Советский субъект, советские рабочие, вцбк, иностранцы в ссср, гражданское общество

Короткий адрес: https://sciup.org/147220031

IDR: 147220031   |   DOI: 10.25205/1818-7919-2019-18-1-130-138

Текст научной статьи Реакция на иностранцев в ходе реконструкции Выборгского ЦБК в 1985-1987 годах

Piskunov M. O. Social Reactions towards Foreigners during the Vyborg Pulp and Paper Plant Reconstruction (1985– 1987). Vestnik NSU. Series: History and Philology , 2019, vol. 18, no. 1: History, p. 130–138. (in Russ.) DOI 10.25205/ 1818-7919-2019-18-1-130-138

Взаимодействие между советским государством / обществом и иностранцами – это сюжет, который сегодня лежит на переднем крае исторических исследований СССР. Его значение не только в том, что он в очередной раз проверяет на прочность устаревшие тоталитарные интерпретации мира советского человека, но также в уникальной антропологической рамке этой темы. Иностранец, особенно из стран капиталистического мира – это большой Другой для советского человека, равно как и советский человек – это большой Другой для попадавших в СССР иностранцев. Понятие «Другой» здесь используется в психоаналитическом ключе и описывает ситуацию зеркального столкновения человека с феноменом, который одновременно воспринимается и как родственный, и как совершенно чужой [Жижек, 1999]. Другой – это своего рода кривое зеркало, которое не просто отражает смотрящегося в него индивида, но на различии позволяет тому отчетливее проявить себя.

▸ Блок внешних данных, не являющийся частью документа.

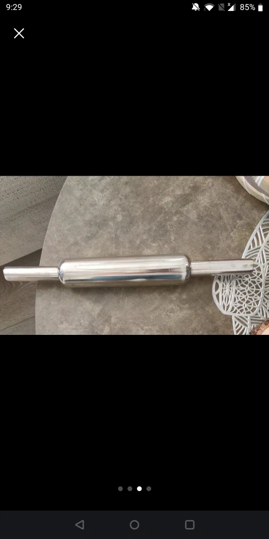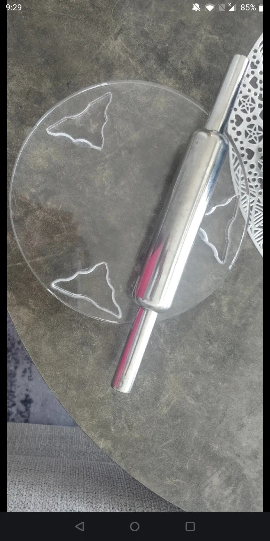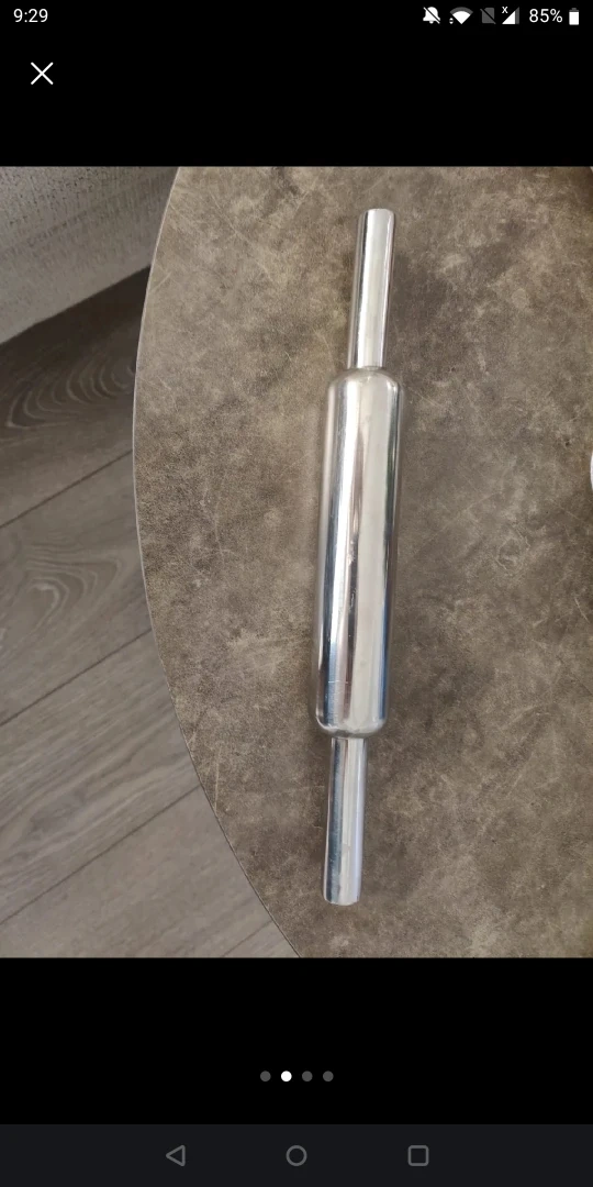 It's a stainless steel rolling pin with a clear acrylic stand. The stand is 9 inches in diameter and 0.5 inches thick. Great for baking pastries and dough!
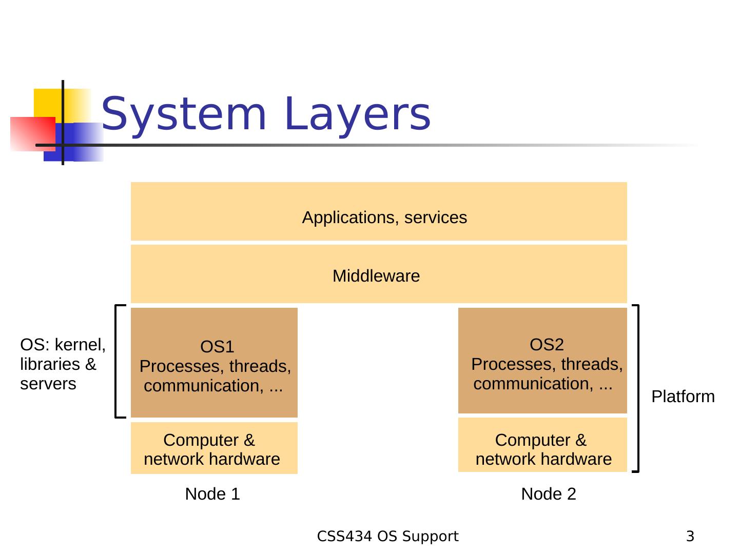 3 . System Layers Applications, services Middleware OS: kernel, OS1 OS2 libraries & Processes, threads, Processes, threads, servers communication, ... communication, ... Platform Computer & Computer & network hardware network hardware Node 1 Node 2 CSS434 OS Support 3
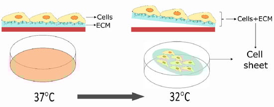 Cell sheet engineering is a novel technique that allows the acquirement of cells in a sheet format, without the application of proteolytic enzymes or other disruptive method, thus enabling the preservation of ECM components [] (Figure 1).
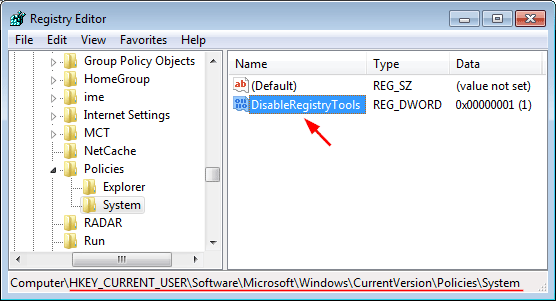 HKEY_CURRENT_USER > SOFTWARE > Microsoft > Windows > CurrentVersion > Policies > System如果系统密钥不存在,您需要创建它。
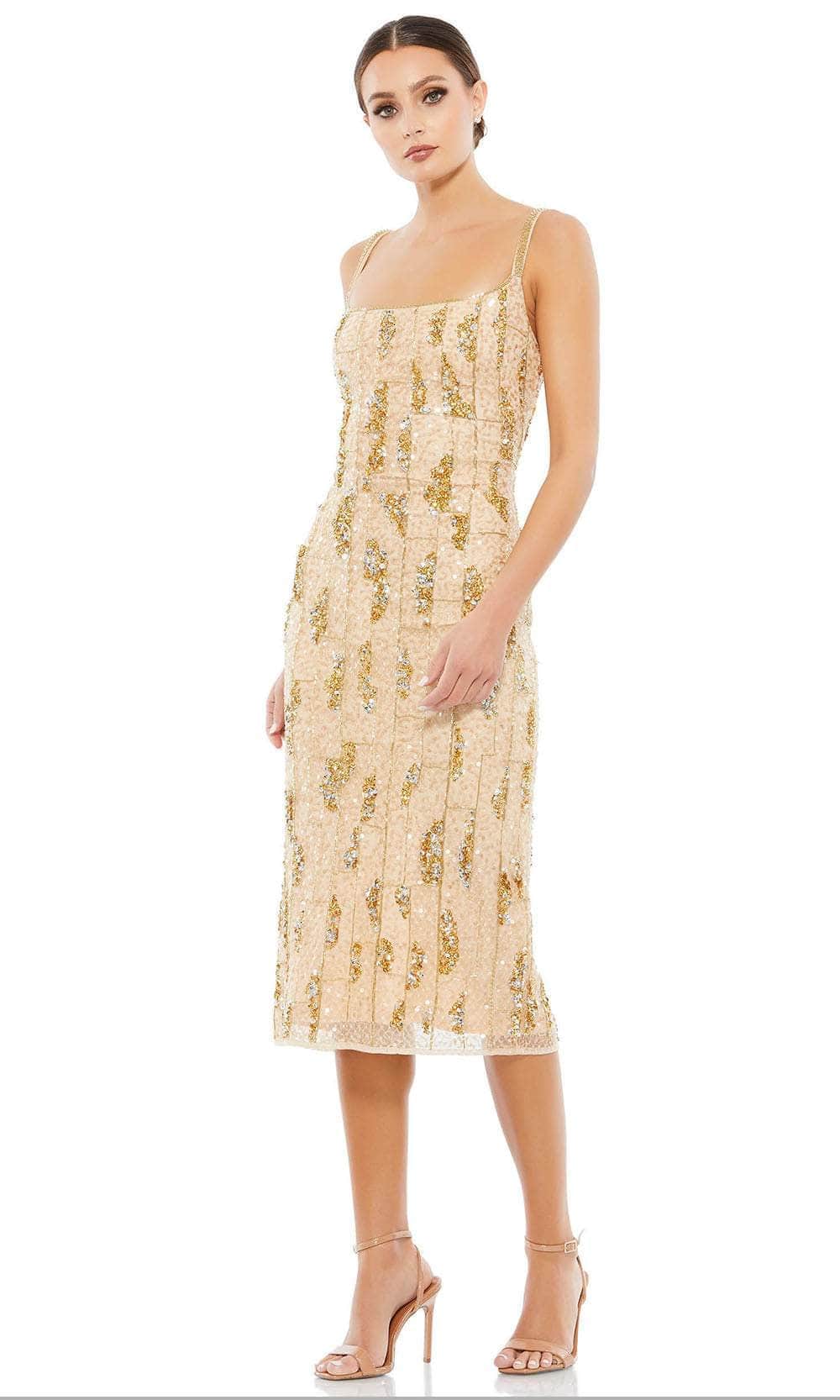 Saunter into the room and shine in this classy Mac Duggal 10770 creation. Trailing with beaded spaghetti straps and neckline trim trailing to a hand-embellished mesh silhouette, this dress parades a square neckline and a square open back on a sleeveless bodice. Flaunting an intricately patterned bead and sequin embellishments throughout, the sheath skirt skims into a tea length hemline with a back slit for movement. Standout among the fabulous crowd as all eyes focus on you in this Mac Duggal masterpiece. Models are wearing the Burgundy and Nude/Gold colors.

В этой статье мы бы хотели обратиться к сюжету технической реконструкции Выборгского целлюлозно-бумажного комбината (далее – ВЦБК) и окружавшего его пос. Советский в 1985–1987 гг. Реконструкция, решение о которой было принято на уровне Совета министров СССР еще в начале 1980-х гг., подразумевала полное техническое перевооружение и перестройку предприятия под новейшее финское и австрийское оборудование. Примечательность стройки в том, что строительство новых цехов и монтирование оборудования должны были осуществлять финские рабочие и инженеры. Параллельно с ними должны были работать советские рабочие и строители, занятые перестройкой поселка. В пос. Советский (до 1944 г. – финское поселение Йоханнес), расположенный в Выборгском районе Ленинградской области, с населением около 3 тыс. чел., приехало такое число иностранцев, какого тут не было с самого конца Великой Отечественной войны, когда на место бежавших или высланных финнов приехало русское население разоренных боями деревень Нечерноземья [Мельникова, 2009].

Реконструкция советских промышленных объектов (в том числе заводов целлюлознобумажной промышленности) под западные образцы уже привлекала внимание исследователей [Там же]. Однако в их фокусе находились в основном вопросы трансфера технологий, в то время как нам было бы интереснее обратиться к социальной ситуации взаимодействия примерно равных сообществ советских граждан и финских строителей в пос. Советский. Эта ситуация позволяет проследить активность советского «гражданского общества» (за неимени- ем лучшего слова воспользуемся этим термином) – совокупности локальных советских институтов (партия, профсоюз, комсомол, ДНД и т. п.), которые оказались предоставлены сами себе в необычной ситуации соседства с иностранцами.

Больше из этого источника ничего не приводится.